Word for word, restate the records from their first line through the line with "Girl Puppy Butterflies", both ends included; omit each picture.

• [Data extracted from a collection]:
#####

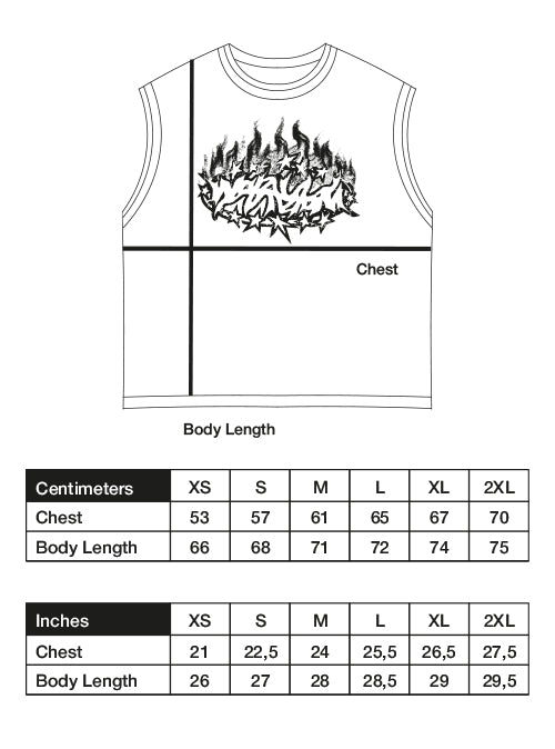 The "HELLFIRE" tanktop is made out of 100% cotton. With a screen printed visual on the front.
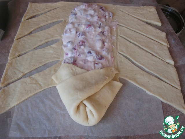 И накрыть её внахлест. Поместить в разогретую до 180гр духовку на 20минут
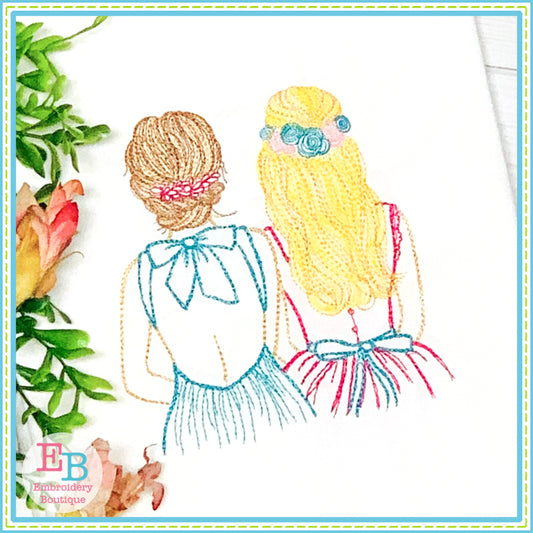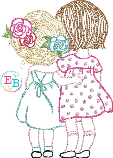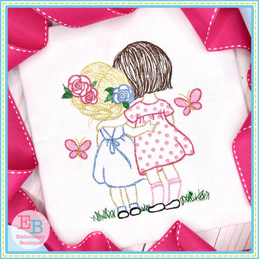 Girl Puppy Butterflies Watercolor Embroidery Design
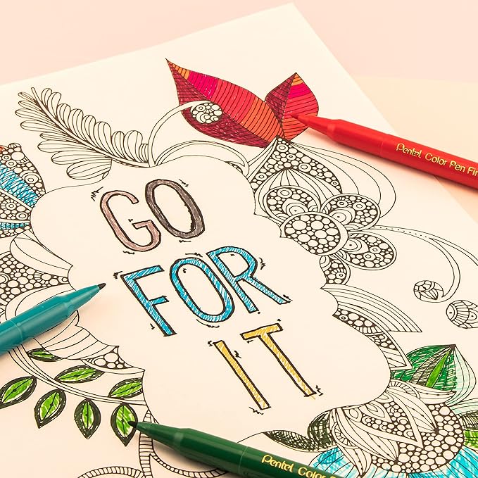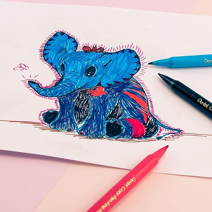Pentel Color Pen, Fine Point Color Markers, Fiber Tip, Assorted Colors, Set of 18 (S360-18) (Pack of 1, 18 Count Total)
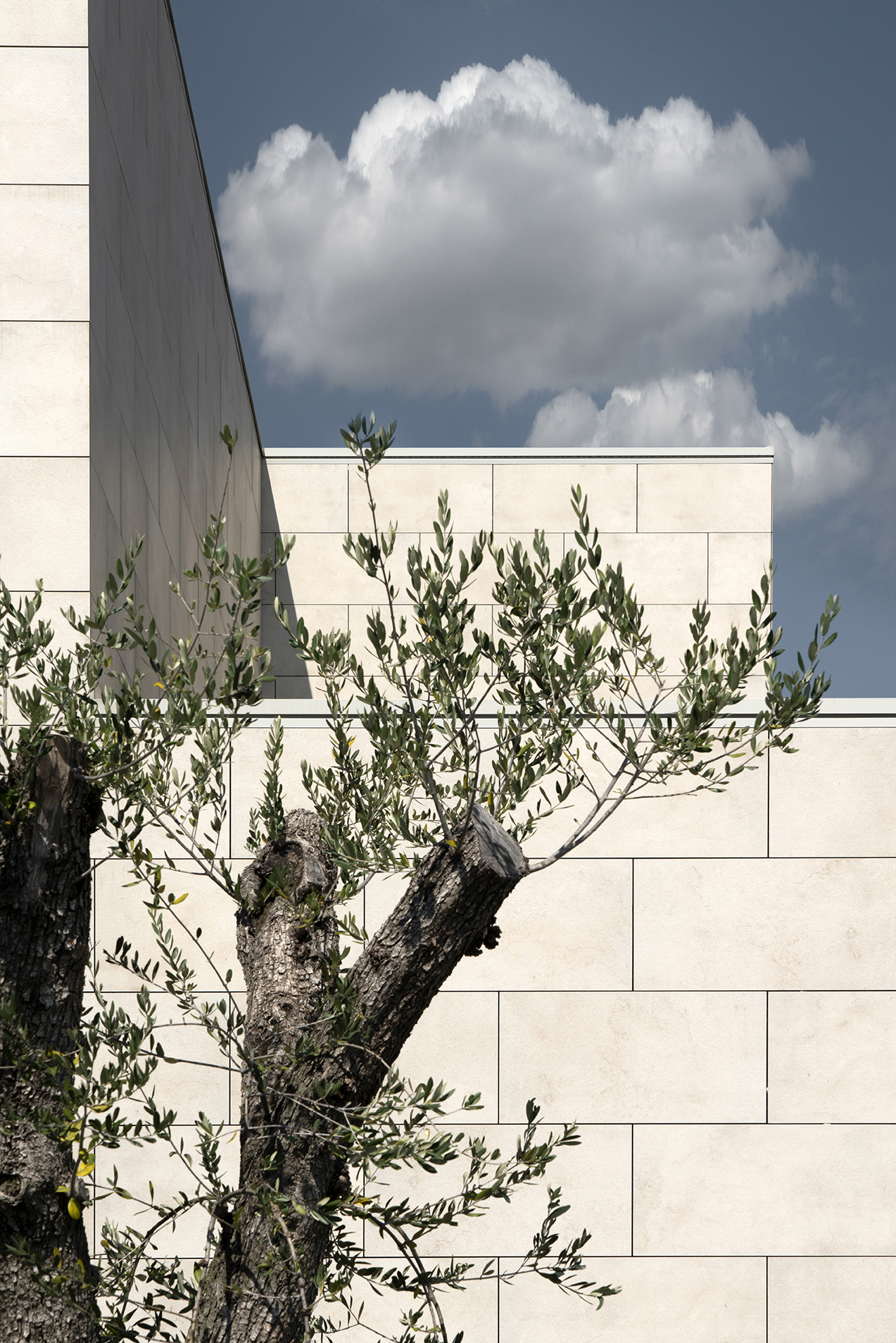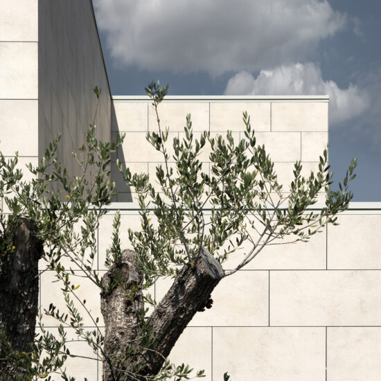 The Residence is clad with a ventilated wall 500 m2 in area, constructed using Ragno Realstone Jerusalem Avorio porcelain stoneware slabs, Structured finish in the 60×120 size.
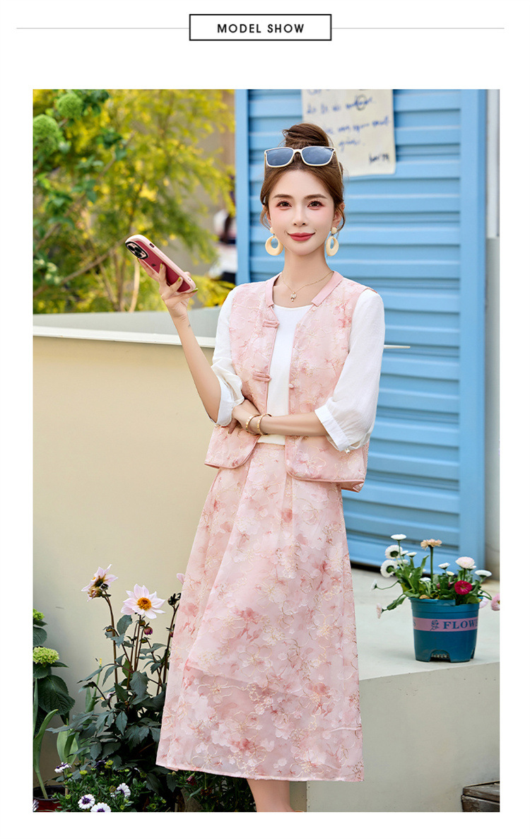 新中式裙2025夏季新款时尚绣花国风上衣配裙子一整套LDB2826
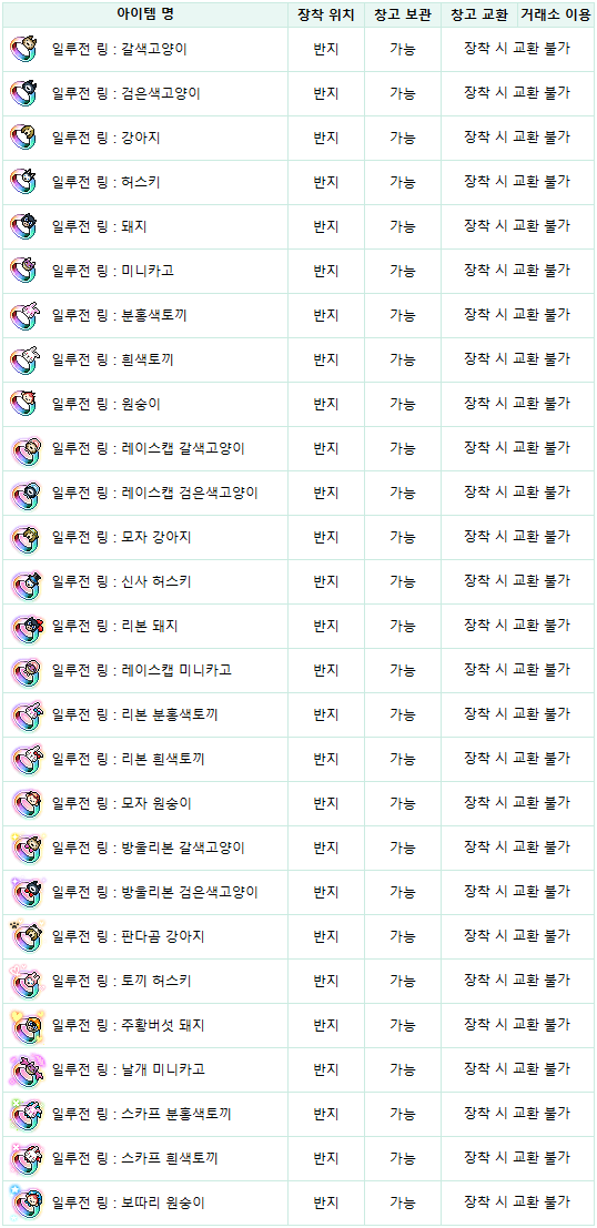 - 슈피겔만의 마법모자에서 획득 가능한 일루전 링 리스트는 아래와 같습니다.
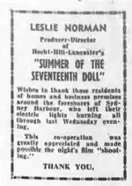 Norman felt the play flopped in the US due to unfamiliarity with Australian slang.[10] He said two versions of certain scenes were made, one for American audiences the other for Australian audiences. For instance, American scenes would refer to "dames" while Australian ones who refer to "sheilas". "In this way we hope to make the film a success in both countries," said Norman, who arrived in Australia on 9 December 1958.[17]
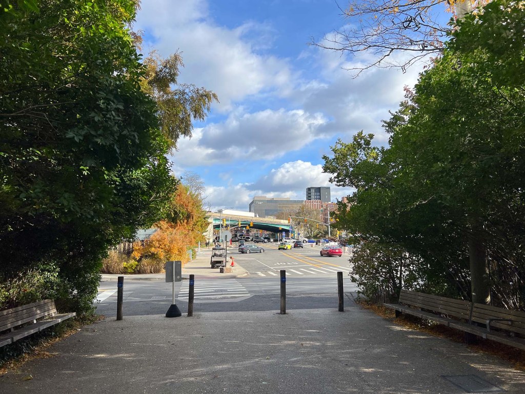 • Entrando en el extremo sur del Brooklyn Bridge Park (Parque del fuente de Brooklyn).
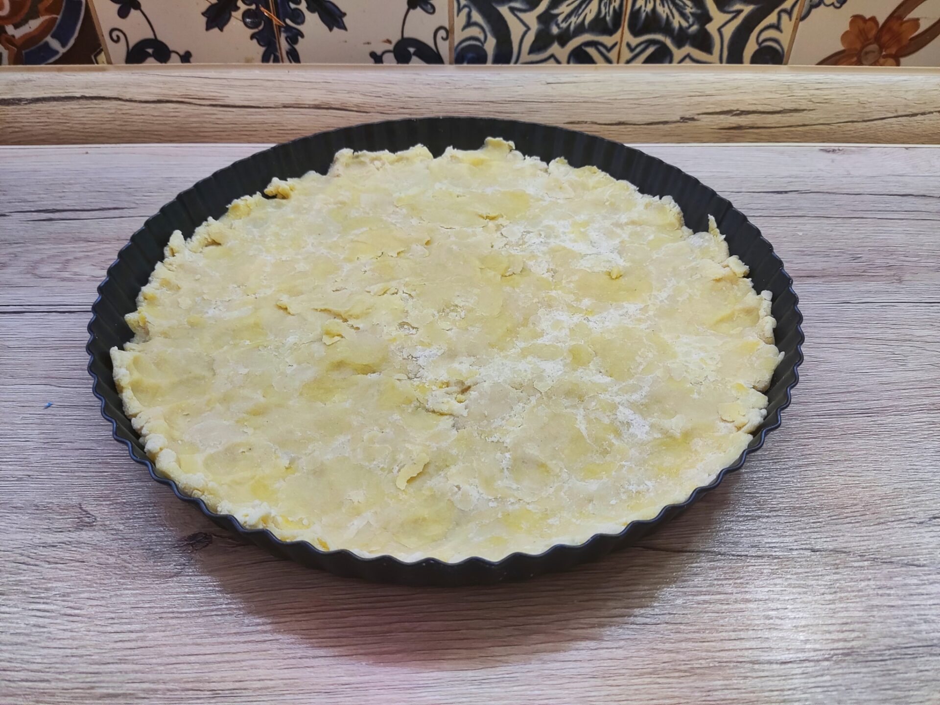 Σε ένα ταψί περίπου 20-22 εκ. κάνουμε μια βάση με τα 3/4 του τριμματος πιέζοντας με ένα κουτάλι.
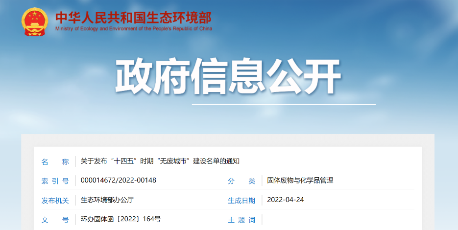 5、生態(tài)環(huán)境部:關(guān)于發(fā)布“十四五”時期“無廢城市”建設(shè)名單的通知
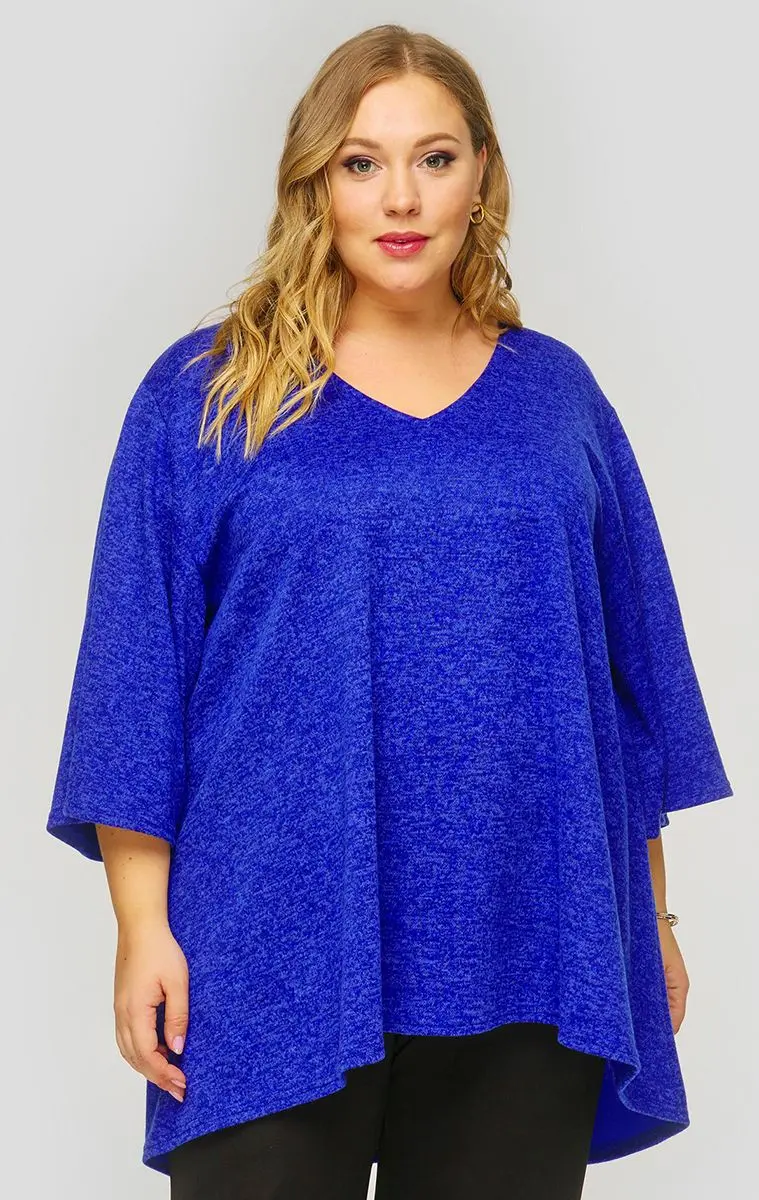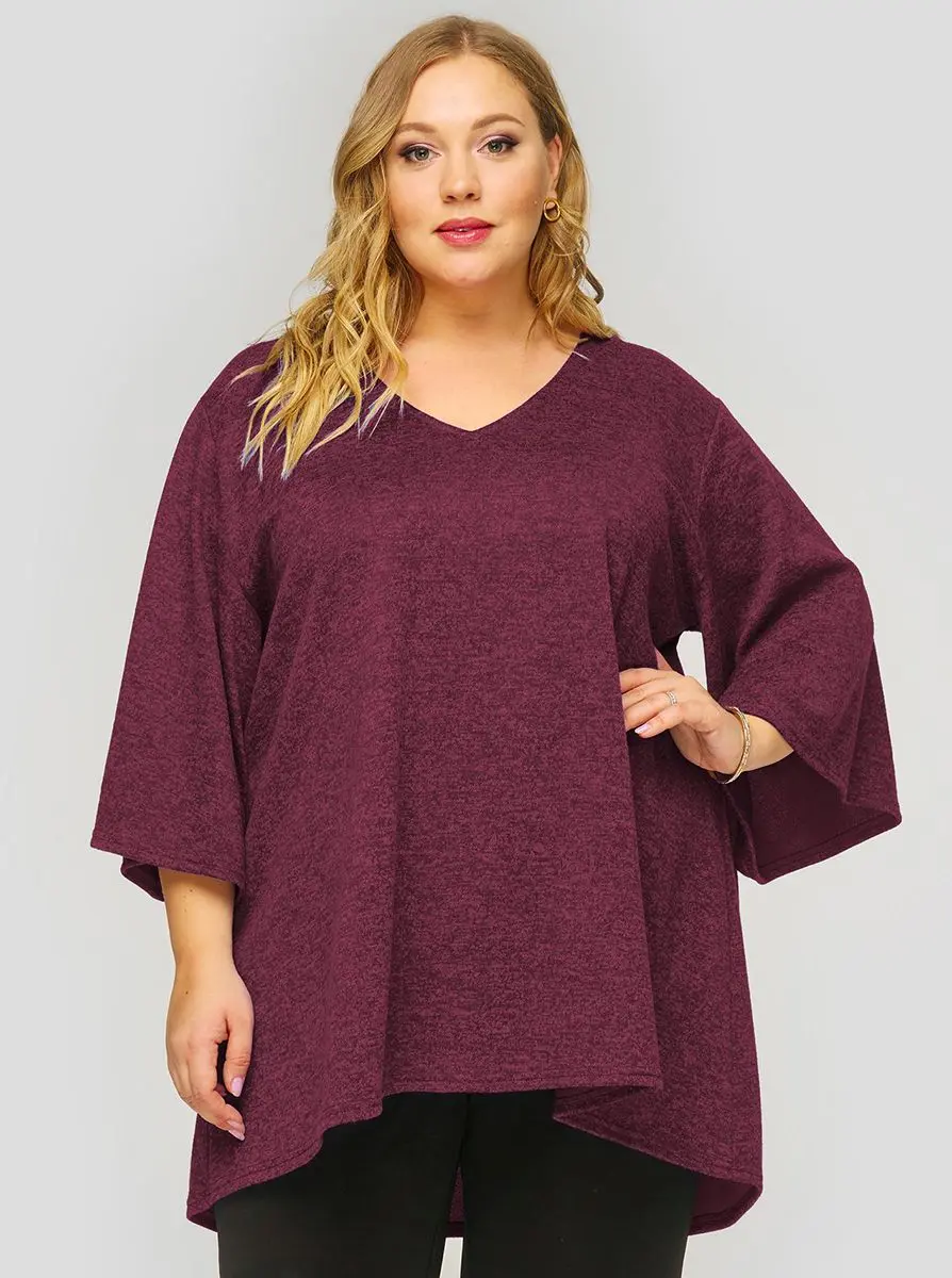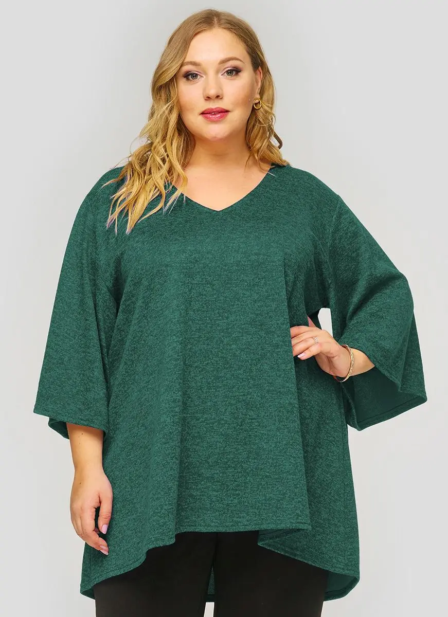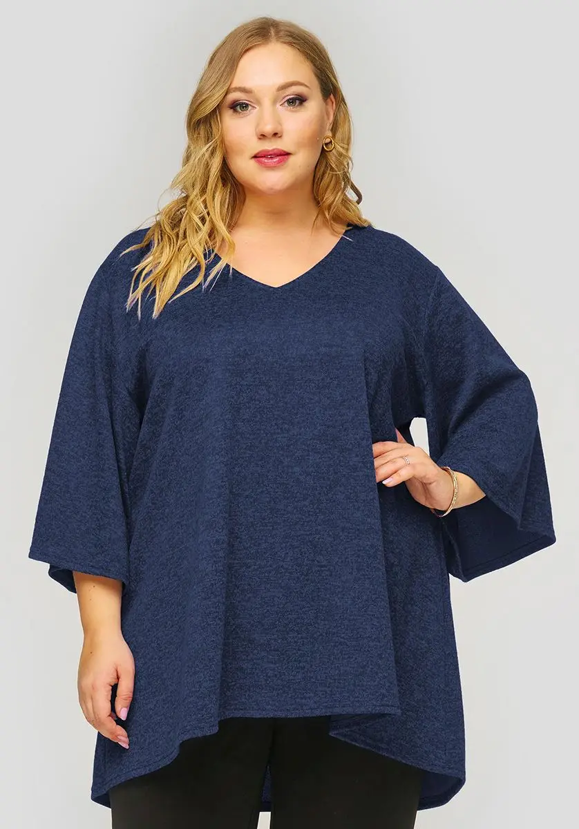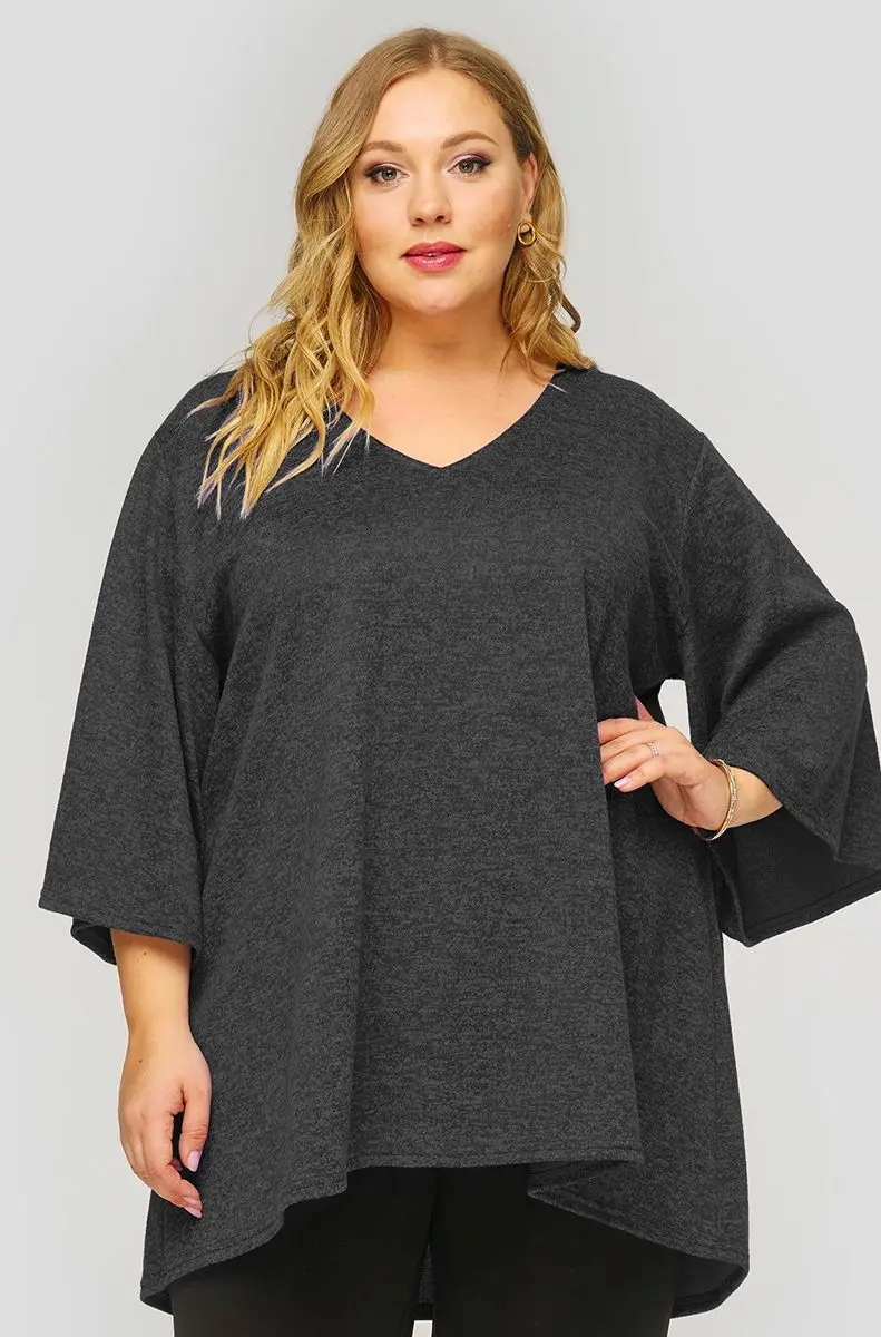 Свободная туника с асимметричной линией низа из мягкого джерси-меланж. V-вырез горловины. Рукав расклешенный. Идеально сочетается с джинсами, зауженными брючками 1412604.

#####

• [Exercise output]:
 The "HELLFIRE" tanktop is made out of 100% cotton. With a screen printed visual on the front.
 И накрыть её внахлест. Поместить в разогретую до 180гр духовку на 20минут
 Girl Puppy Butterflies Watercolor Embroidery Design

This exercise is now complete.